Electrophoresis is the motion of charged, chemically identical molecules in a medium under the influence of an electric field.

The force, F, on a charged particle in an external electric field is proportional to the charge, q, of the particle and the electric field strength, E. This can be represented as:

Eq. 1

If q is measured in Coulomb5 (C) and E is in V/m, F will be given in Newtons. However, the particle velocity depends also on particle properties, e.g., surface charge density and size, and on the properties of the solution through which it travels, e.g., frictional forces and viscosity. As the charged species migrate, they concentrate and form a deposit at one of the electrodes. The electrode’s charge, positive or negative, will indicate the species of particle forming the deposit. The quantity of deposit formed will not only depend on the migration rate and direction, but also on electrode geometry, area, collection time and temperature.

ELECTRIC FIELDS AND INVERT-EMULSION DRILLING FLUIDS

Voltage application to an invert emulsion is commonly used to determine the emulsion stability of the system, with a voltage being applied between two electrodes, 1.6 mm apart, immersed in the fluid.3 A typical breakdown field is 280 kV/m caused by the formation of continuous and electrically conductive particle chains between the electrodes.4 The electric fields used in electrophoretic separation of charged species from the invert fluids, typically 0.1-10 kV/m, are therefore much lower than the breakdown voltage field. Test equipment was developed that creates an electric field between two coaxial cylinders. Up to 440 V DC can be applied, so that the inner cylinder becomes negative with respect to the outer cylinder, creating a radial electric field between the electrodes and through the drilling fluid.

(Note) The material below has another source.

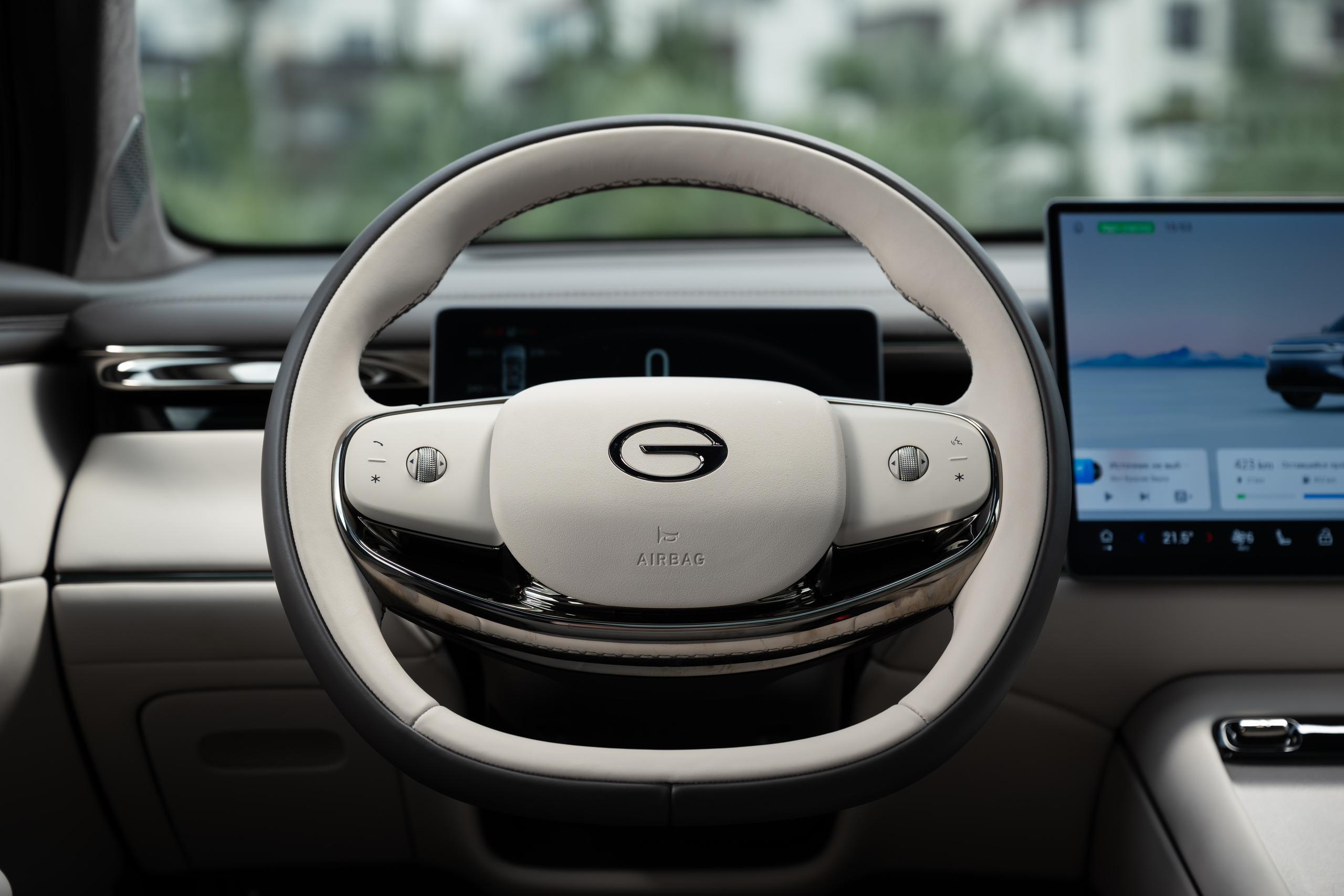 The steering wheel of the GAC S7 is almost oval in shape. Behind it is a compact instrument panel

An electric field’s effect on an invert-emulsion drilling fluid with a density of 9.5 lb/gal and an oil/water ratio of 75:25 was examined. Over a 3-hr period, 440 V was applied to the system using the laboratory test cell, with the inner cylinder negative. Over this time, material concentrated and stuck to the inner cylinder to form a deposit, which could be removed from the test cell. Table 1 shows that the deposit contained a higher concentration of solids and water compared with the original drilling fluid, showing that under the electric field’s influence, both solids and brine droplets migrated toward the inner negative cylinder. Clay particles, present as drilled solids, and brine droplets possess charges that will allow migration under the influence of the electric field. Barite, barium sulphate, weighting material is inert and possesses no charge, but may become entrained in the deposit through co-migration with the other particles. Barite particles, as well as the clays and brine droplets, may also acquire charge from the emulsifiers and oil-wetting agents added to the drilling fluid system, enhancing migration.

TABLE 1. Effect of voltage on drilling fluid composition: 400 V for 3-hr treatment
Table 1

Dielectric measurements were made on a drilling fluid and on the deposit and oil-rich supernatant formed when 220 V was applied to the fluid for 1 hr. In these experiments, the invert-emulsion drilling fluid was based on internal olefin synthetic base fluid. The testing showed that the permittivity of the mud and deposit decreased with increasing frequency, but the permittivity of the deposit always exceeded that of the drilling fluid, Fig. 1. This is concordant with the deposit having the higher concentration of solids and adsorbed surfactant. The relative permittivities of both the drilling fluid and the deposit greatly exceed the permittivity of the supernatant because the latter contains no solids or absorbed surfactant. However, the supernatant permittivity is about 20-30, while 2 is a typical clean oil measurement. This is consistent with micelles of excess surfactant dissolved in the oil. In addition, the supernatant conductivity considerably exceeded that of both the drilling fluid and the deposit, Fig. 1.

Fig. 1

Fig. 1. Dependence of relative permittivity and conductivity on frequency for drilling fluid, deposit and supernatant. 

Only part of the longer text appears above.